L’Avv. Giuseppe Angelo Monardo è avvocato cassazionista; coordinatore di uno staff multidisciplinare operante a livello nazionale in diritto bancario e tributario; Gestore della crisi da sovraindebitamento (L. 3/2012) iscritto negli elenchi del Ministero della Giustizia; professionista fiduciario di un OCC (Organismo di Composizione della Crisi); Esperto Negoziatore della crisi d’impresa ai sensi del D.L. 118/2021.

Su questo tema pesa in modo particolare l’abilitazione di Esperto Negoziatore della crisi d’impresa ai sensi del D.L. 118/2021: significa conoscere la composizione negoziata dal punto di vista di chi è chiamato a condurla, sapere quali informazioni l’esperto valuterà, quali condotte fanno maturare un giudizio di correttezza e quali fanno archiviare la procedura. Accanto a essa opera il coordinamento dello staff multidisciplinare nazionale in diritto bancario e tributario, indispensabile quando la controparte è l’agente della riscossione e la partita si gioca su ruoli, notifiche, privilegi e trattabilità del debito erariale. E quando l’impresa non è aggredibile con gli strumenti della crisi d’impresa perché il debitore è un soggetto non fallibile, restano operative le abilitazioni di Gestore della crisi da sovraindebitamento iscritto negli elenchi ministeriali e di professionista fiduciario di un OCC, che aprono i percorsi alternativi previsti dal Codice.

La continuità della strategia è il vero valore aggiunto: la linea difensiva impostata il primo giorno è la stessa che viene sostenuta davanti al tribunale, nel contenzioso tributario e, se necessario, in Cassazione, senza passaggi di mano e senza riletture del caso da parte di professionisti diversi. E poiché la convenienza economica del creditore pubblico è materia da commercialista quanto da avvocato, lo staff che analizza il caso è composto da avvocati e commercialisti che lavorano insieme sullo stesso fascicolo: chi costruisce il confronto con lo scenario liquidatorio e chi costruisce la difesa processuale siedono allo stesso tavolo.


Non vince chi ha ragione: vince chi conosce le regole e muove per primo

La risposta alla domanda da cui siamo partiti, ora, è precisa: la composizione negoziata non blocca le cartelle esattoriali, blocca ciò che con le cartelle si può fare.

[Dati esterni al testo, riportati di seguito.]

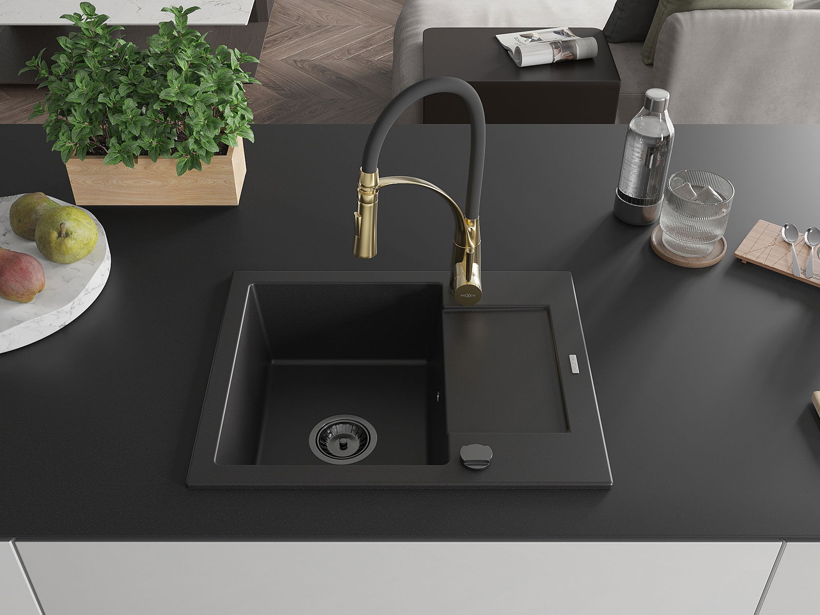 Mexen Enzo chiuvetă de bucătărie din granit cu 1 cuvă și scurgător și baterie de bucătărie Aster, negru - 6506-77-73450-57-B

Ferma pignoramenti, ipoteche e fermi; non ferma ruoli e notifiche. Congela prescrizioni e decadenze; non congela i tuoi termini di impugnazione. Dura al massimo duecentoquaranta giorni; non dura finché serve. Nella partita con la riscossione non prevale chi ha ragione in astratto, ma chi conosce esattamente il perimetro delle regole e muove dentro le finestre giuste.

È il motivo per cui questa materia richiede un professionista che stia contemporaneamente sui due terreni. Lo Studio Monardo lo fa perché l’Avv. Monardo è Esperto Negoziatore della crisi d’impresa ai sensi del D.L. 118/2021 — la qualifica che il legislatore stesso ha creato per condurre queste trattative — ed è avvocato cassazionista a capo di uno staff multidisciplinare nazionale in diritto bancario e tributario, cioè esattamente le competenze certificate che servono quando lo strumento è la composizione negoziata e la controparte è l’Agenzia delle Entrate-Riscossione. Non promettiamo esiti: analizziamo il carico, verifichiamo gli atti, presidiamo i termini e costruiamo la proposta con cui la convenienza della controparte si sposta.